SRI/SURGICAL EXPRESS, INC.
By:   /s/ Gerald Woodard
  Name:   Gerald Woodard
  Title:   CEO

 

CARDINAL HEALTH 200, INC.

(through and for its Presource business unit)

By:   /s/ Steve Inacker
  Name:   Steve Inacker
  Title:   President/GM


ANNEX A

Co-Branded Label

To be agreed and attached post-execution.


EXHIBIT A

1. Promotion

a. SRI may promote the Hybrid Kits in any fashion or media desired to include collateral material, the SRI WEB site, advertising, etc., provided the promotion does not convey a perceived/implied endorsement of or bias for reusable drape and gown products over Convertors disposables by Presource.

b. Subject to Section 9.7 of the Agreement, SRI may identify Cardinal Health as our channel partner in our promotion materials and may use the Cardinal Health logo in doing so. Cardinal Health must approve the use of the Cardinal Health logo and channel partner designation.

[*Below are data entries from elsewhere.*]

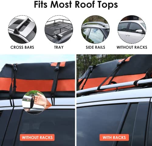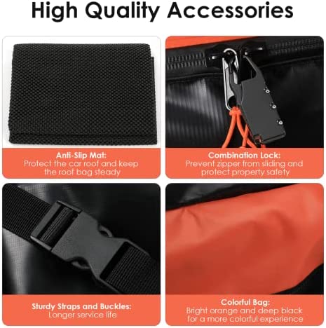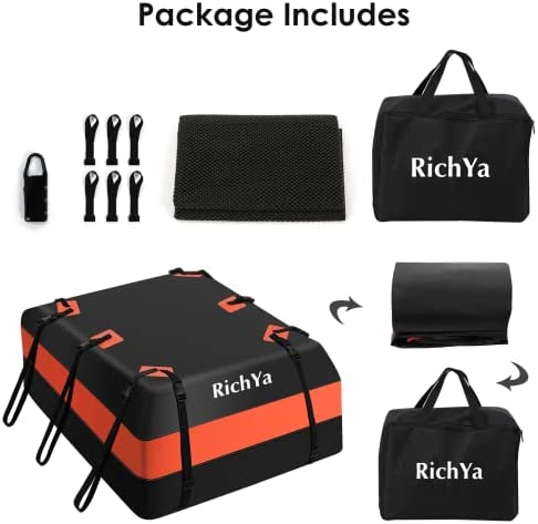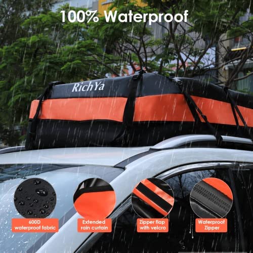 RichYa Car Roof Cargo Carrier, Car Roof Bag for Cars with/Without Rack, 100% Waterproof & Coated Zippers, with Anti-Slip Mat + 10 Reinforced Straps + 6 Door Hooks + 1 Combination Lock – 15 Cubic Feet
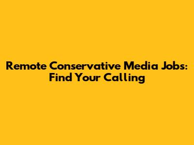 Remote Conservative Media Jobs: Find Your Calling
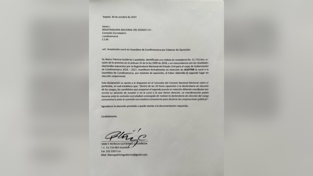 Así lo hizo saber a través de una carta enviada a la Registraduría Nacional del Estado Civil, en la que señaló que en concordancia con los resultados electorales “manifiesto formalmente mi intención de aceptar la curul a la Asamblea de Cundinamarca”.
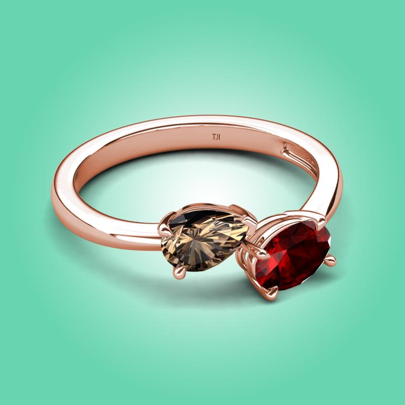 • 1 Smoky Quartz Pear Shape 0.65 ctw/7x5 mm and 1 Red Garnet Oval Shape 0.95 ctw/7x5 mm Two Stone Duo Engagement Ring set in a Prong Setting.
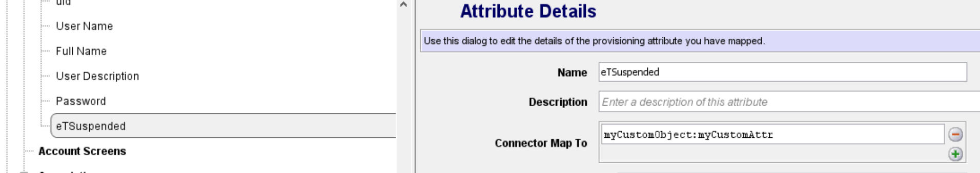 3. Create a new attribute and map it to myCustomObject:myCustomAttr. In the example below "eTSuspended" is used as the name of the attribute, but it is not important and you can call it the way you like:

c. SRI may invite Cardinal Health staff to participate in its trade show properties as part of the Cardinal Health channel partner program, provided Convertors is not a participant at the same show.

d. SRI may identify the channel partner relationship with Cardinal Presource in its marketing communications material used in its booth properties.

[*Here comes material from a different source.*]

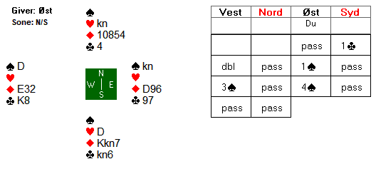 Hanne Rostad (S) åpnet med 1 ruter og Lise Klev (N) svarte 1 hjerter. Arne Marthinussen (Ø) gikk så innpå med 1 spar og Hanne hoppet til 4 ruter (lagfarge men begrenset styrke). Jeg (V) hadde god fordeling, derfor valgte jeg å kjempe med 4 spar. Lise hadde mer å by på, meldte derfor 5 ruter men Arne lot seg ikke slå ut og gjenmelde fargen sin. 5 spar ble dermed sluttbud, og Rostad spilte ut ru A til røff i bordet. Arne fortsatte med trumf til esset og stjal sin siste ruter. Damen kom da på fra Nord. Ny trumf til kongen, både N og S fulgte. Så kom kl 8 til knekt fra Syd og den fikk beholde stikket. Er køver fargen 3-2 imot er jo alt vel og bra. Syd fortsatte med ruter som Arne stjal og registrerte at kongen kom på fra Lise. Da kl K så ble tatt var syd renons, det var illevarslende, for Nord hadde dermed hold i fargen. Men kan kontrakten likevel stå? Arne forsøkte ved å spille liten hjerter mot bordet og Lise vant med knekten. Ny hjerter til esset og kongen fra Hanne. Tegningen var klar. Lise var merkert med 2-4-3-4 i fordeling og hadde igjen kl Dx og hj D. Arne hadde sp D, hj 9 og kl 8. På sp 3 var Klev skvist, sakte hj D men da vant Arne stikk for hj 9 og kunne avslutte spillet med kløver til esset. +650 var ren topp, to andre par hadde fått 10 stikk men det var i 4 spar. Ruter av Syd med 9-10 stikk var også spilt.

e. The parties will share marketing and promotional expenses as follows: SRI: 70%; Cardinal Health: 30%.

2. Sales Activities

a. The Cardinal/Presource sales force may work with the SRI sales force in the following ways:

(i) Cardinal Presource will share its sales and marketing roster information to include email addresses with SRI for the purposes of communicating with these individuals to facilitate the implementation of the relationship. SRI may use these email addresses for the purpose of communicating with the Cardinal Presource sales force regarding sales opportunities for the Hybrid Kit. Any SRI produced sales and marketing promotion materials (with approved use of Cardinal Health channel partner and logo designation) for the Hybrid Kit shall be distributed and communicated through the Cardinal Presource marketing organization unless otherwise agreed upon in advance.

(ii) Coordinate and hold joint calls with customers to introduce, explain, and present the Hybrid Kit concept.

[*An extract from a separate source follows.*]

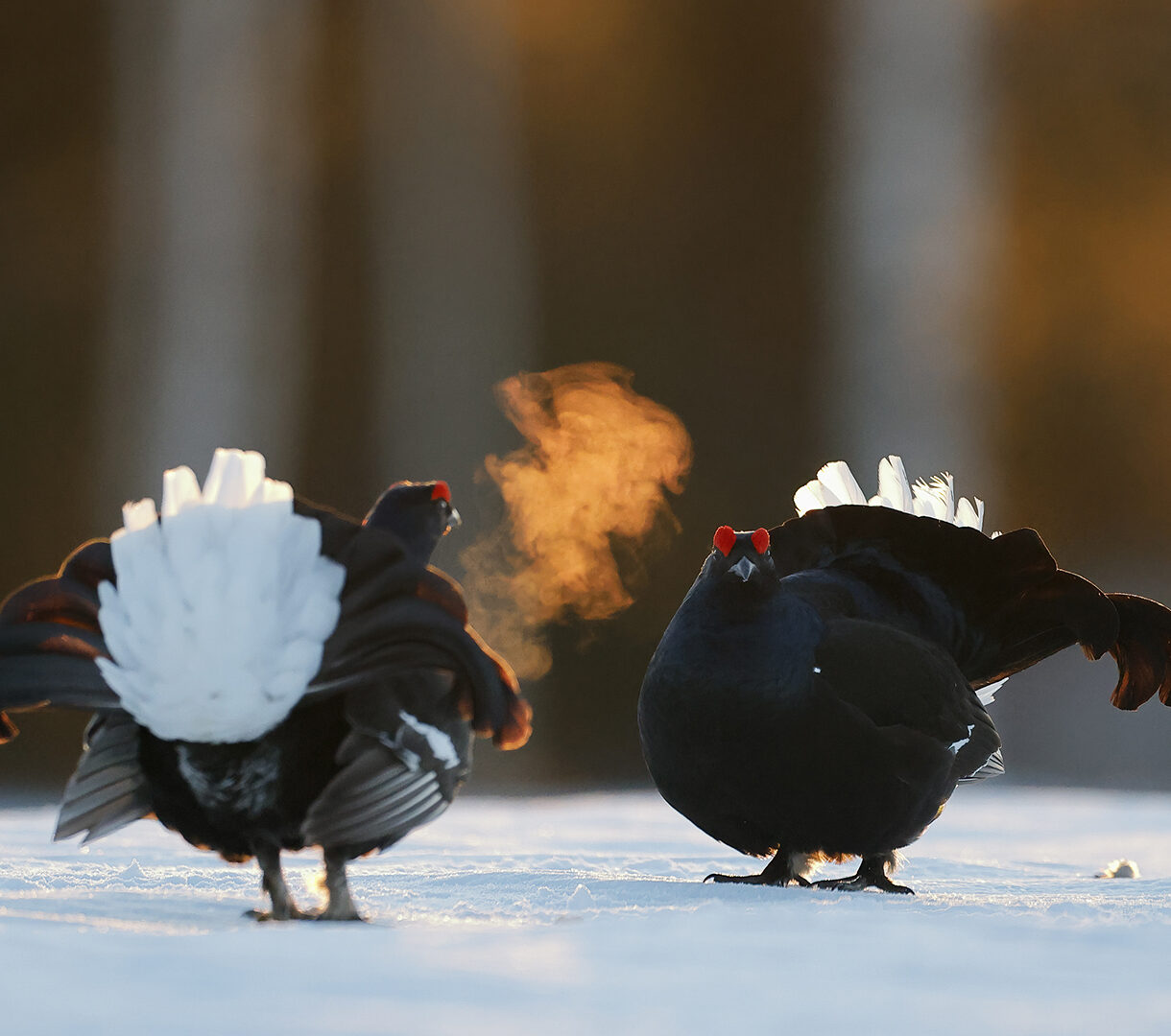A captivating 4K wallpaper showcasing two Black Grouse males on a crisp winter snowfield in Kuusamo, Finland. One bird exhales a plume of golden breath into the frosty air, beautifully backlit by a warm, low sun that highlights their displaying white undertail feathers against the dark forest.

(iii) Coordinate and hold joint calls to present customer requested Hybrid Kit quotations/proposals and RFP responses.

(iv) Arrange meetings of the SRI’s sales and marketing staff with the Cardinal/Presource training group for the purpose of acquainting them with concepts and elements of the reusable components of the Hybrid Kit offering.


(v) Arrange SRI plant tours for Cardinal/Presource sales and marketing staff to prepare for prospective customer tours.

(vi) Arrange joint meetings with customers who have purchased the Hybrid Kit or who are SRI Legacy Customers and therefore are now dependent upon their disposable support coming from Cardinal/Presource.

(vii) Cardinal/Presource and SRI will mutually share leads and customer initiated interest in the Hybrid Kit concept.

3. Quotations and RFP responses

a. Cardinal/Presource staff will support SRI staff (including the sales forces) in configuring and pricing the Hybrid Kit quotations/proposals and RFP responses.

b. All Hybrid Kit quotations/proposals and RFP responses must be approved by duly authorized representatives of both parties prior to presentation or transmittal to a prospective customer.

c. SRI will construct and package the Hybrid Kit quotations/proposals and RFP responses.

d. SRI will provide copies of these Hybrid Kit quotations/proposals and RFP responses to Cardinal Presource.

e. The SRI quotation/proposal and RFP response package may reference the channel partner relationship and may contain use of the Cardinal Health logo as appropriate.

4. Customer Initiated Interest

In the event a Cardinal Presource/Convertors Legacy Customer expresses an interest in a Hybrid Kit solution, Cardinal/Presource will be free to work with SRI to engage that customer. This applies to all customers including those belonging to the GPO’s or under an existing government contract.

5. GPO and Government promotion

SRI may promote the Hybrid Kit with Cardinal Presource as its channel partner to all GPO’s and government entities. Any GPO contracting arrangements for the Hybrid Program must be approved by both parties prior to any official contractual arrangements.